How many times have you encountered a life form from another planet only to have your face bitten off by the grouchy extra-terrestrial? It happens all the time in the movies, as visitors from outer space are typically portrayed as downright psychopathic or obsessed with stealing all our natural resources. We always manage to fend them off (humans are a scrappy lot), but not before interstellar relations have been set back another century.

While most of their space-faring brethren are trying to figure out the best way to make sandwiches out of us, the following friendly aliens are more concerned with phoning home or establishing first contact. And in some cases, they’re just downright pathetic.

All of the films listed below are available when you become a member of Netflix. The nation’s leading online rental service, Netflix will either deliver them to your door or allow you to stream them online. You don’t have to be an advanced life form to know a good deal when you hear it.

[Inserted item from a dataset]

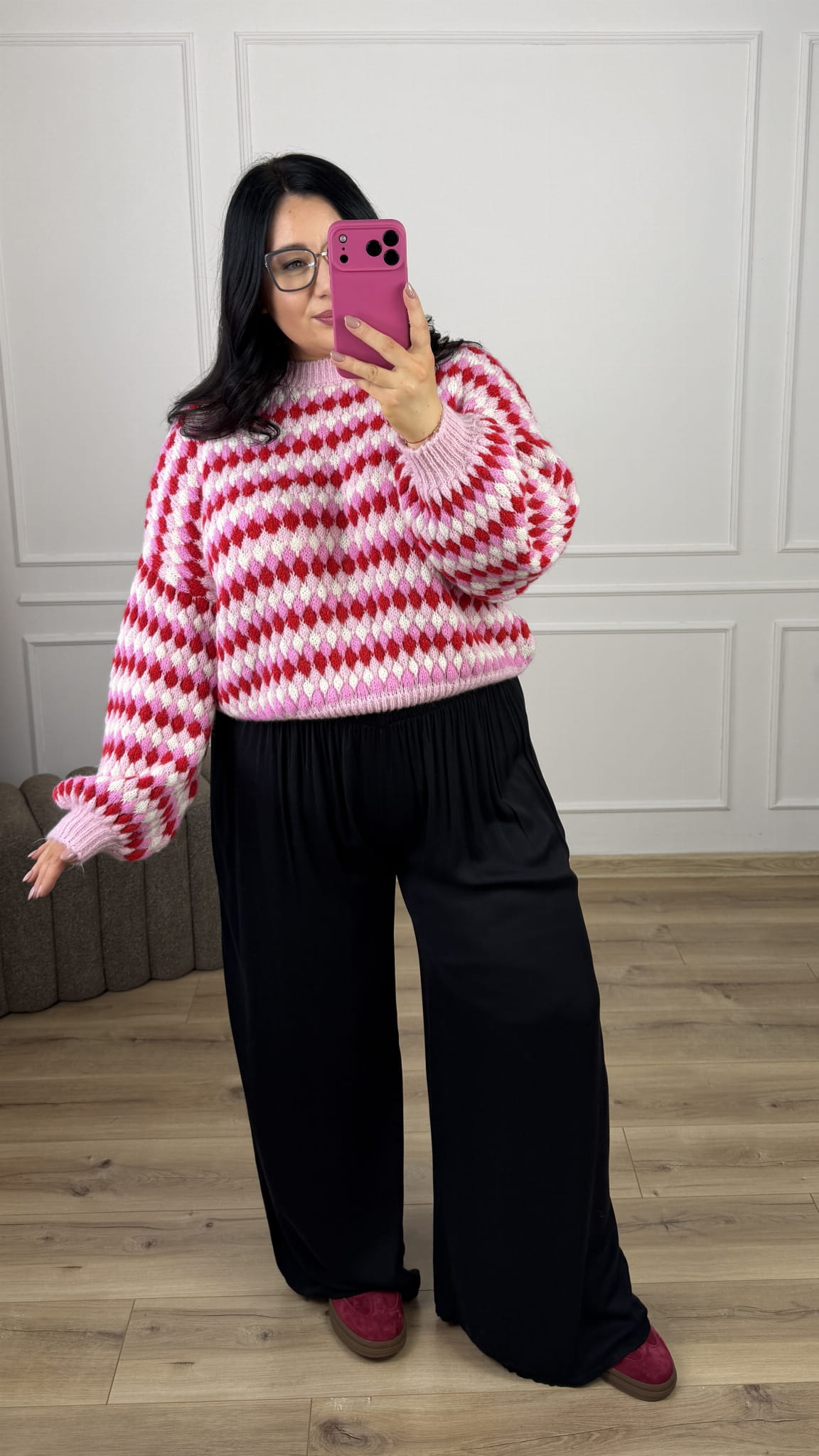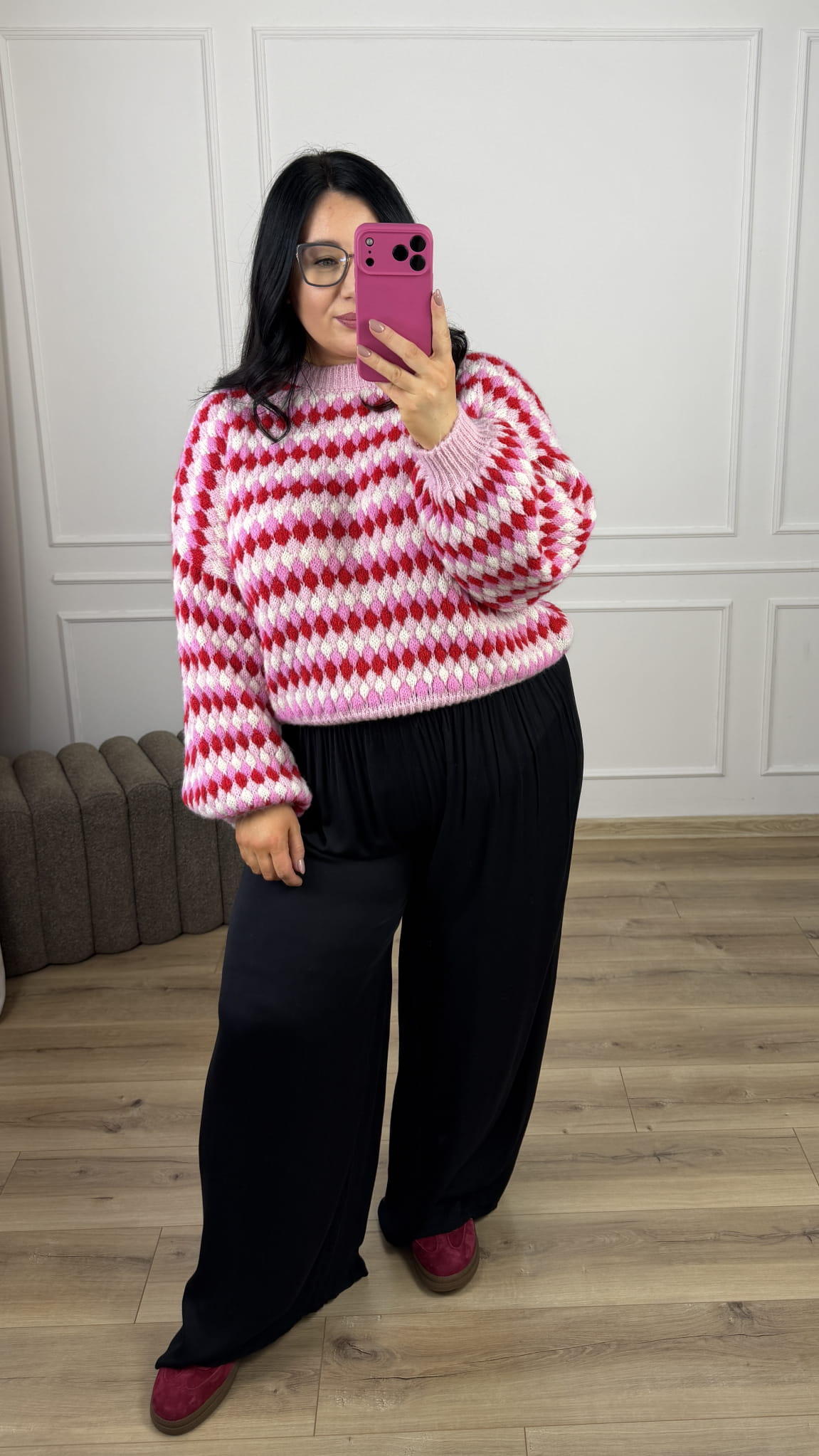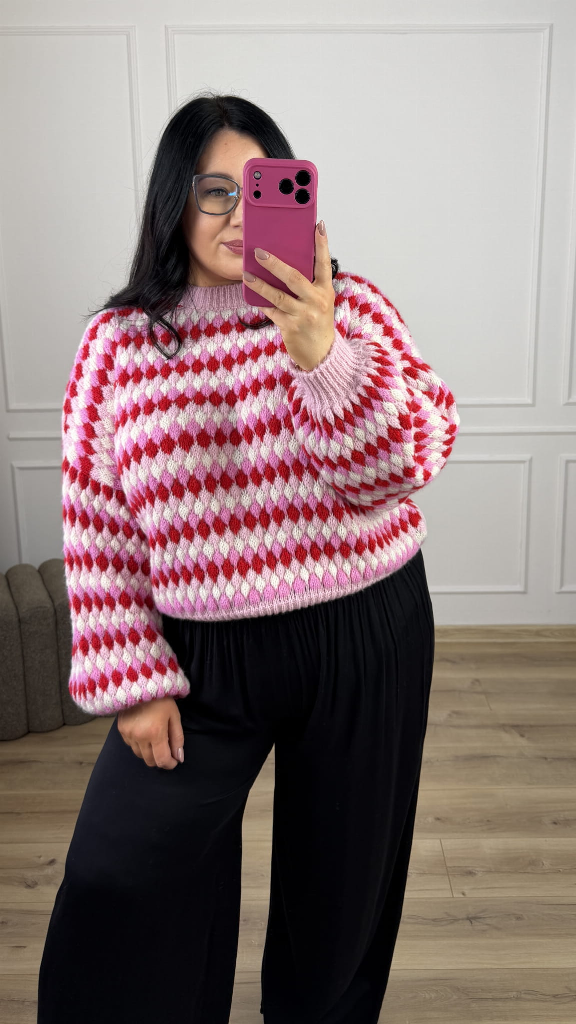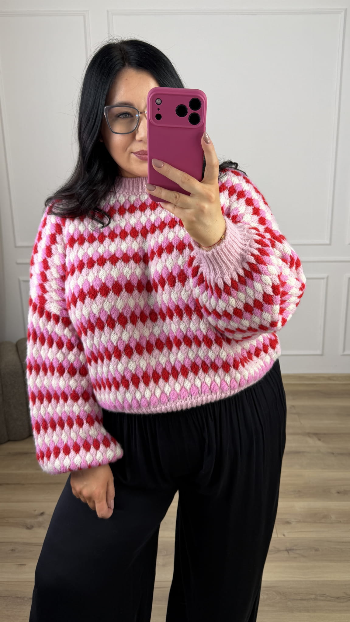 Efektowny sweter o mięsistym splocie. Posiada okrągły delikatny dekolt, długi rozszerzany rękaw - zakończony mankietem. Luźny krój oversize. Sweter dzięki połączeniu kolorów idealnie wpisuje się na wiosnę 2026

E.T. the Extra-Terrestrial (1982) – The undisputed king of friendly alien movies, E.T. stars adorable Henry Thomas as Elliott, a lonely California resident who comes across a stranded extra-terrestrial in the woods. Along with his siblings (including Drew Barrymore), Elliott tries to help E.T. get home, all while hiding the alien’s existence from his mom and government agents. Director Steven Spielberg wrings the maximum amount of emotion out of every scene, and both kids and adults will find themselves wiping away tears by the conclusion of this gentle story.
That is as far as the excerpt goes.